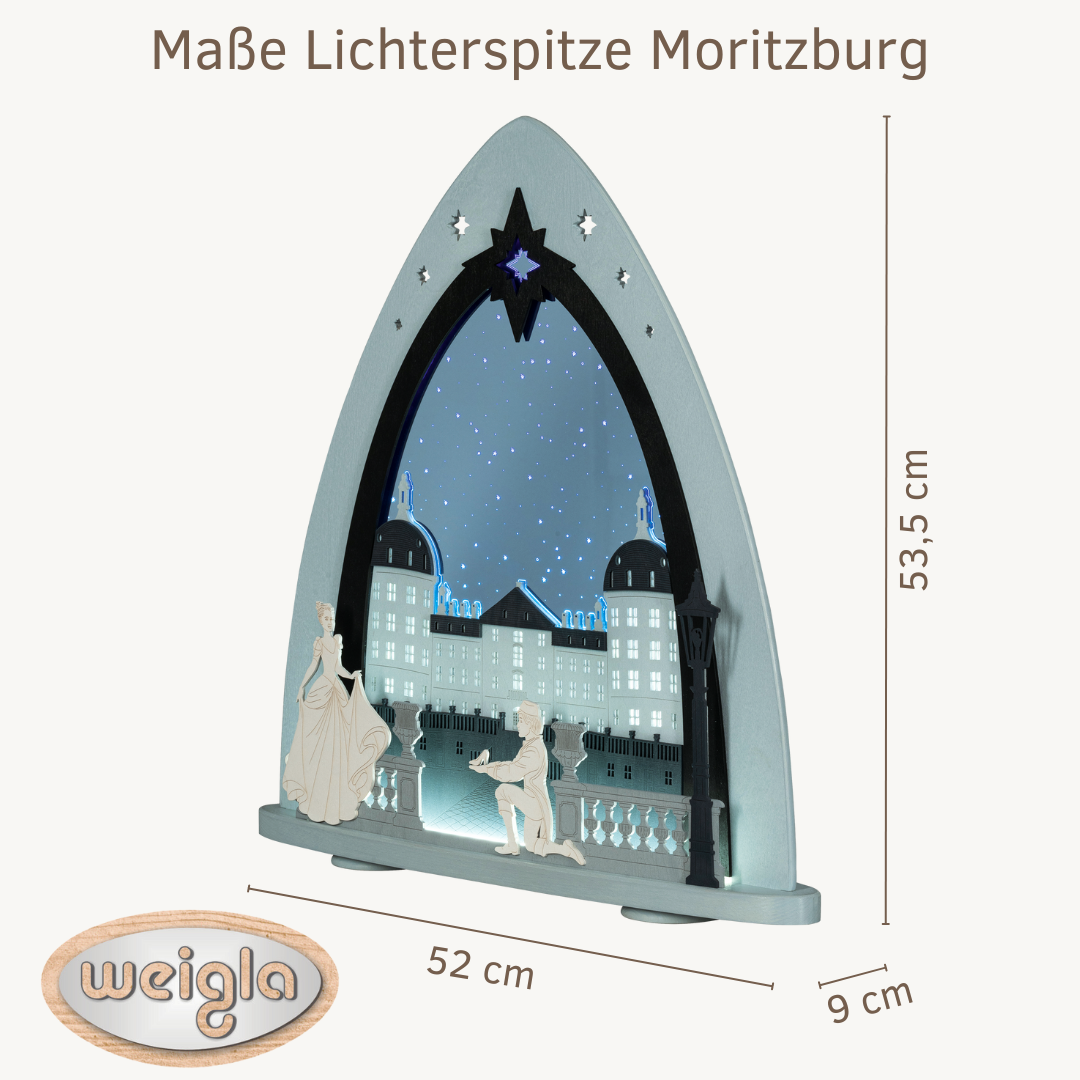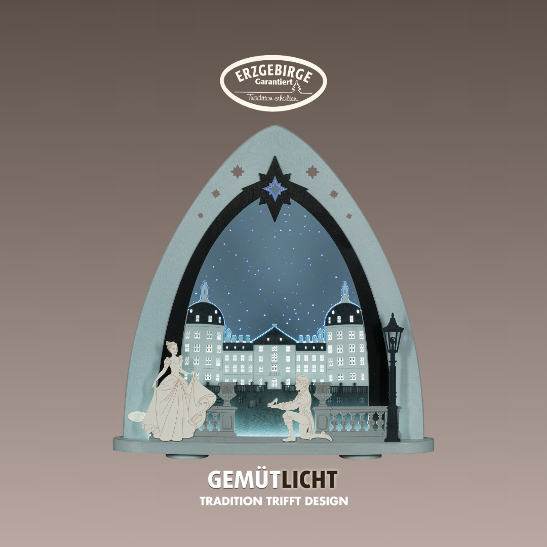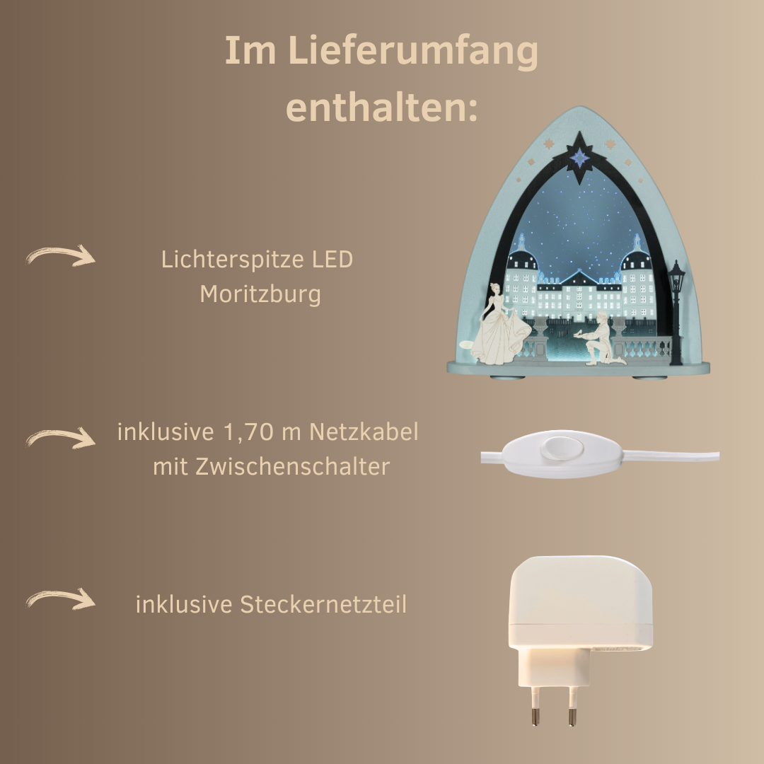 Entdecken Sie die Magie des Schlosses Moritzburg in Ihrem Zuhause! Unsere LED-Lichterspitze „Schloss Moritzburg“ ist eine Hommage an eines der schönsten Wasserschlösser Europas. Mit ihrem detailreichen Design und der innovativen LED-Beleuchtung zaubert sie eine bezaubernde Atmosphäre in jeden Raum.
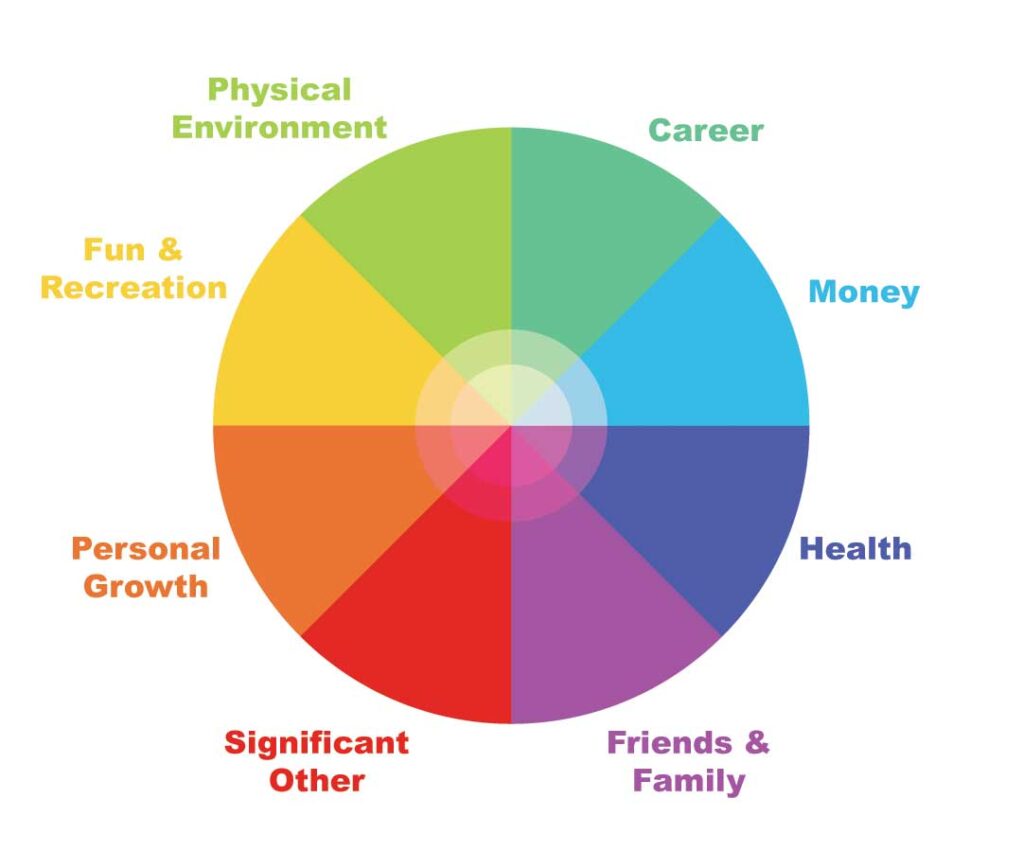 1. Do a Life Audit.  I usually do this step on January 1st, but I think it’s a great tool to use at the beginning of EVERY month!  A life audit helps you figure out what’s working and what’s not. My favorite tool to conduct a life audit is the “Wheel of Life.” It looks like this.
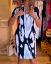 Avslappnad klänning med huva i ficka i färg med blocktryck
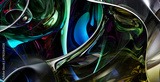 3d render with part of the surreal alien spherical ball flower in curved wavy organic lines in round shapes in plastic and glass material in green and yellow gradient color on black
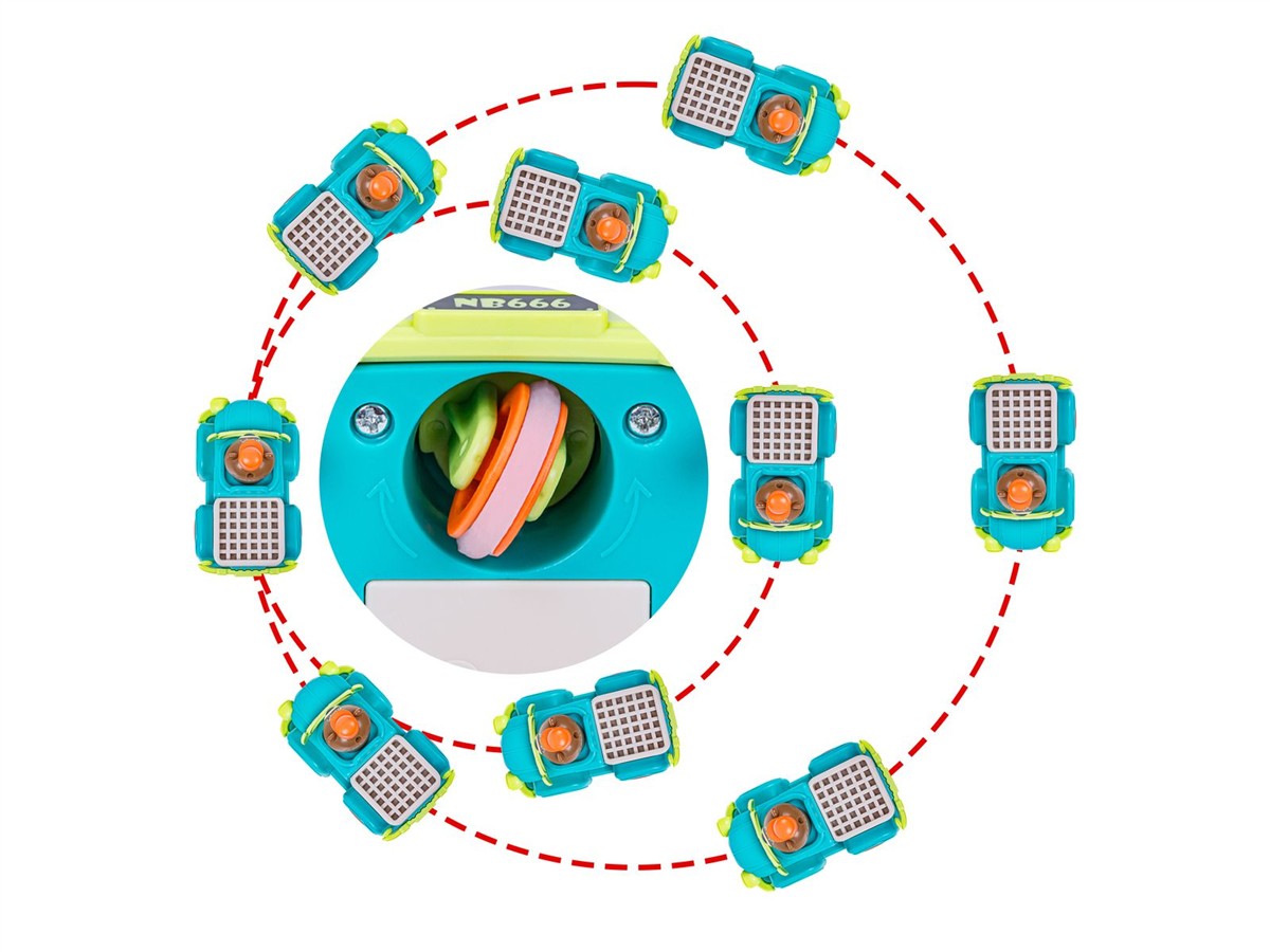 Regulacja skrętuSamochód dodatkowo posiada regulację skrętu, dzięki czemu może w zależności od ustawienia zataczać koła o średnicy od 40 cm aż do 120 cm. Regulację ustawiamy pokrętłem na podwoziu auta. | ![]() |
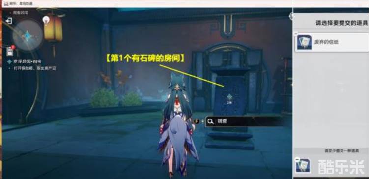 14.然后返回到开始说的第1个有石碑的房间,调查房间中间的石碑,提交废弃的信纸后,可获得1个密码1328。
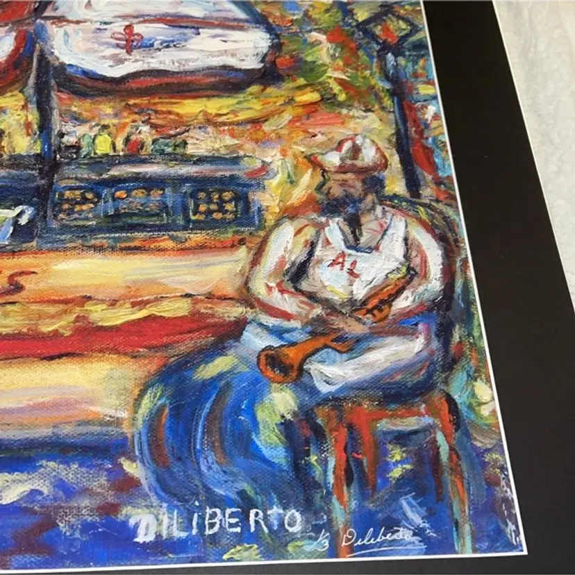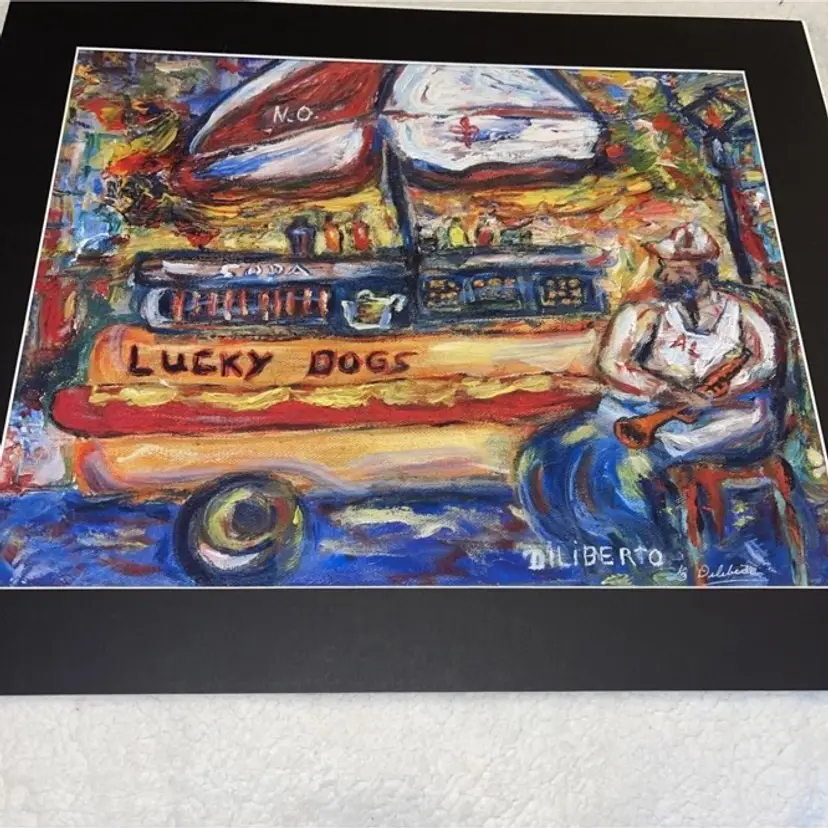 This one features the lucky dogs, hot dog, horn musician It is signed by the artist and it has one of three.

────────────────────

Exercise instructions –
All of the listing above has to be reproduced exactly, though without its images.

Result of the task –
 Entdecken Sie die Magie des Schlosses Moritzburg in Ihrem Zuhause! Unsere LED-Lichterspitze „Schloss Moritzburg“ ist eine Hommage an eines der schönsten Wasserschlösser Europas. Mit ihrem detailreichen Design und der innovativen LED-Beleuchtung zaubert sie eine bezaubernde Atmosphäre in jeden Raum.
 1. Do a Life Audit.  I usually do this step on January 1st, but I think it’s a great tool to use at the beginning of EVERY month!  A life audit helps you figure out what’s working and what’s not. My favorite tool to conduct a life audit is the “Wheel of Life.” It looks like this.
 Avslappnad klänning med huva i ficka i färg med blocktryck
 3d render with part of the surreal alien spherical ball flower in curved wavy organic lines in round shapes in plastic and glass material in green and yellow gradient color on black
 Regulacja skrętuSamochód dodatkowo posiada regulację skrętu, dzięki czemu może w zależności od ustawienia zataczać koła o średnicy od 40 cm aż do 120 cm. Regulację ustawiamy pokrętłem na podwoziu auta. | ![]() |
 14.然后返回到开始说的第1个有石碑的房间,调查房间中间的石碑,提交废弃的信纸后,可获得1个密码1328。
 This one features the lucky dogs, hot dog, horn musician It is signed by the artist and it has one of three.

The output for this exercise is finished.